Bridage de BitTorrent par les FAI
C’est pour cette raison que plusieurs fournisseurs d’accès à Internet ont à un moment ou à un autre mis en place des dispositifs destinés à brider le trafic généré par la technologie BitTorrent ou, plus radical, à bloquer complètement les échanges. Plusieurs exemples existent, à commencer par l’opérateur américain Comcast, le canadien Bell, le britannique Virgin Media ou encore le belge Telenet.
Sur ce sujet, les opérateurs se montrent toutefois assez discrets. Ce n’est en effet pas vraiment un argument commercial que de mettre en avant un bridage de BitTorrent, dans la mesure où il s’agit d’une technologie neutre. Elle peut en effet servir à échanger des contenus illicites, comme des œuvres protégées par le droit d’auteur, ou fournir un moyen simple, efficace et économique de distribuer facilement des fichiers.
Sur ce sujet, Measurement Lab (MLab) a mis en ligne une série de données interactives couvrant deux ans d’activité de FAI, d’avril 2008 à mai 2010. Comme l’explique Torrentfreak, MLab s’est appuyé sur des outils pour détecter la présence de filtres ou de techniques de bridages des connexions à Internet, en particulier Glasnot qui permet de vérifier si les FAI brident l’utilisation du protocole BitTorrent.

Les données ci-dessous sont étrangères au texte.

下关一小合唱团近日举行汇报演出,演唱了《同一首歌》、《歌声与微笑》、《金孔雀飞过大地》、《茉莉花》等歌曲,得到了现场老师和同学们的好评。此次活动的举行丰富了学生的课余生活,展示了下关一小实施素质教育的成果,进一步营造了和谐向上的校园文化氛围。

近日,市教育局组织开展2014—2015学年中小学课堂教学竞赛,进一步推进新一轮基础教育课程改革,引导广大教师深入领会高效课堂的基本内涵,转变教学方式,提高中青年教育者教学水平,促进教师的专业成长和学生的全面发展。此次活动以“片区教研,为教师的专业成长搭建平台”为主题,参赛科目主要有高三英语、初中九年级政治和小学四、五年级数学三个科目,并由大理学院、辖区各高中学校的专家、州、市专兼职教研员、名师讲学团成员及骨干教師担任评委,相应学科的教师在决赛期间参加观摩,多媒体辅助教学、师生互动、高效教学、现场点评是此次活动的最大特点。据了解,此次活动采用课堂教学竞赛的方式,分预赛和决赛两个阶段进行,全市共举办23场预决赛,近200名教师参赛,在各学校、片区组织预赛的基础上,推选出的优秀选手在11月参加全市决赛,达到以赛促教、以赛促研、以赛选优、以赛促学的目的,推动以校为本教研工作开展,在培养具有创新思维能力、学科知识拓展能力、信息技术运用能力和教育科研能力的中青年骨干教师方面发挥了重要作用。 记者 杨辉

Les données sont regroupées dans un tableau présentant en particulier le pourcentage de tests montrant des techniques d’inspection de paquets de données (DPI : Deep Packet Inspection). Les mesures sont effectuées par tranche de trois mois avec le pourcentage de tests valides. En ce qui concerne la France, cinq FAI ont été observés : Orange, Free, SFR, Bouygues Télécom et Numericable-Completel.
Le cas des FAI français
Que retenir de ces données ? Il y a eu deux grandes périodes sur la période couverte par MLab. Jusqu’au troisième trimestre 2009, les cinq opérateurs français ont, selon les mesures relevées, réalisé des techniques d’inspection de paquets de données. Les scores oscillent en effet entre 7 % et 15 % selon les opérateurs. On remarque toutefois deux pics au cours de cette période.
Le premier concerne Free (Iliad) au quatrième trimestre 2008. MLab a relevé que 30 % de ses tests, pratiquement un tiers des résultats, ont montré des techniques d’inspection. C’est un score assez important. L’autre score remarquable concerne Bouygues Télécom au premier trimestre 2009. La mesure atteint 29 %. En revanche, le même FAI atteint 0 % un an auparavant, au deuxième trimestre.

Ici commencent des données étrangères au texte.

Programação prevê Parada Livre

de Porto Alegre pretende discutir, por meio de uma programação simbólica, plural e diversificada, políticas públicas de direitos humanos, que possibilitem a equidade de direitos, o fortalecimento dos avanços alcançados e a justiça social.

Après le troisième trimestre 2009, la tendance est à la baisse et l’intérêt des FAI à ce moment-là semble s’être calmé. Selon MLab, les tests montrant du DPI vont de 2 à 9 %. Seuls deux FAI ont eu une activité plus importante à ce niveau-là pendant une brève période. Il s’agit de France Télécom lors du troisième trimestre 2009 (13 %) et de Numericable-Completel le quatrième trimestre 2009 (16 %).

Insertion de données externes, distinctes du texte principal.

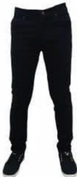
Gambar 7. Celana Pensil
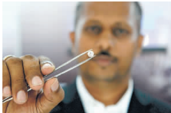
店主展示一颗钻石,称被中国男子吞下的钻石跟这颗大小差不多。

L’initiative de Measurement Lab est soutenue par Google et la New America Foundation. Comme nous l’expliquions il y a deux ans, le géant de Mountain View cherche à démontrer son attachement au principe selon lequel les opérateurs de télécoms ne doivent pas traiter différemment les données envoyées selon leur contenu, leur destination ou leur expéditeur, pas plus que selon l’outil utilisé (protocole BitTorrent).
Respecte mon net
Les travaux de MLab sont l’occasion de rappeler le projet initié par la Quadrature du net. Baptisé Respecte mon net, le site recense toutes les restrictions de l’accès à Internet que les internautes constatent. L’objectif de cette initiative est de disposer de cas concrets à présenter aux autorités européennes afin que ces dernières prennent la mesure de l’urgence de légiférer en faveur de la neutralité du net.
« Le législateur européen fait la sourde oreille sur ce problème depuis plus de deux ans. Le rapport de la commissaire européenne Neelie Kroes sur le sujet prétend qu’il n’y a pas de preuves quant à la nécessité de protéger dans la loi la neutralité du Net » s’était agacé Jérémie Zimmermann, porte-parole et cofondateur de la Quadrature du Net.
« Une telle approche attentiste est choquante quand on voit la réalité des pratiques de gestion du trafic des opérateurs, et leur impact sur la liberté de communication en ligne, la concurrence et l’ensemble de l’économie numérique » avait-il ajouté.